While this may require investment, installation of bespoke equipment often coincides with an overhaul and re-design of the grading line.
“The loss of two powder products is concentrating minds and growers are looking at what’s needed for using liquids.”
Taking equipment off the planter is beneficial for many reasons, he notes, while the application characteristics of liquids are better for both operators and crop performance.
“There’s been a lot of change, but there’s also been greater sophistication introduced, which is no bad thing.”
Powders at planting
- RhiNo DS (flutolanil)
- Emesto Prime (penflufen)*
Liquids at grading
- Maxim 100 FS (fludioxinil)
- RhiNo Flow (flutolanil)
* Final sales and use of Emesto Prime must be done by 30 June 2021
Rhizoctonia solani is a fungal disease causing stem canker, damping off, black scurf, skin netting and tuber growth distortions in potato crops.
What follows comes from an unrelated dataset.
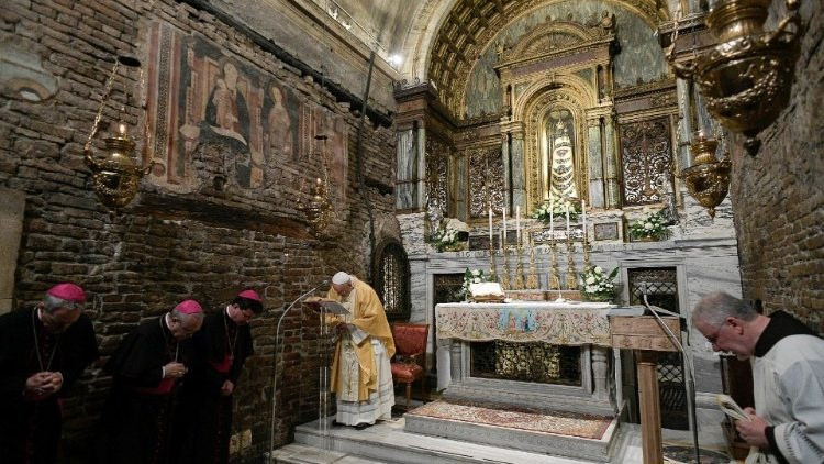 A mai Szent Ház oltárlapja fölött latin felirat hirdeti a János-evangélium híres karácsonyi szavait: „Az Ige testté lett”. Egyetlen szót tettek hozzá: „itt”. A szöveg latinul így hangzik: „Hic Verbum caro factum est”, vagyis „Itt testesült meg az örök Ige”. Ez a rövid, de sokatmondó szó meghatja a zarándok szívét, és valójában Loreto ezért lett Itália legjelentősebb kegyhelyévé – immár több mint hétszáz éve. Aki eljön ide, hozza el magával a Szentírást, olvassa el János evangéliumának előszavát, a híres prológust, és Lukács evangéliumából élje át azt a beszélgetést, mely a legfontosabb Isten és az ember történetében. Ebből a beszélgetésből született Urunk, Jézus, az Isten és Mária Fia, aki megváltotta a világot.

Black scurf can be soil and seed borne and survives a long time in soil and on volunteers or crop debris.
Affected roots, stems and stolons show reddish brown necrotic patches called cankers.
A stem canker can cause symptoms similar to those of blackleg, in that plants are stunted and develop a rolling of the upper leaves.
Brown, slightly sunken lesions with distinct edges develop on the stem base and on stolons.
If severe, lesions can merge to girdle the stem. Later a white collar can develop on the stems at soil level. The resulting pruning of the stem can lead to uneven emergence and gaps in crops.
On the tuber, black scurf is an entirely superficial black incrustation (sclerotia). It usually appears as small, irregular blemishes that can be extensive, but easily scratched off.
Affected tubers can show growth distortions that resemble glyphosate damage. Affected areas usually show retarded growth in association with thickened brown skin patches that are often referred to as netting or elephant hide.
Other distortions include dimples and trumpet shaped holes penetrating the tuber.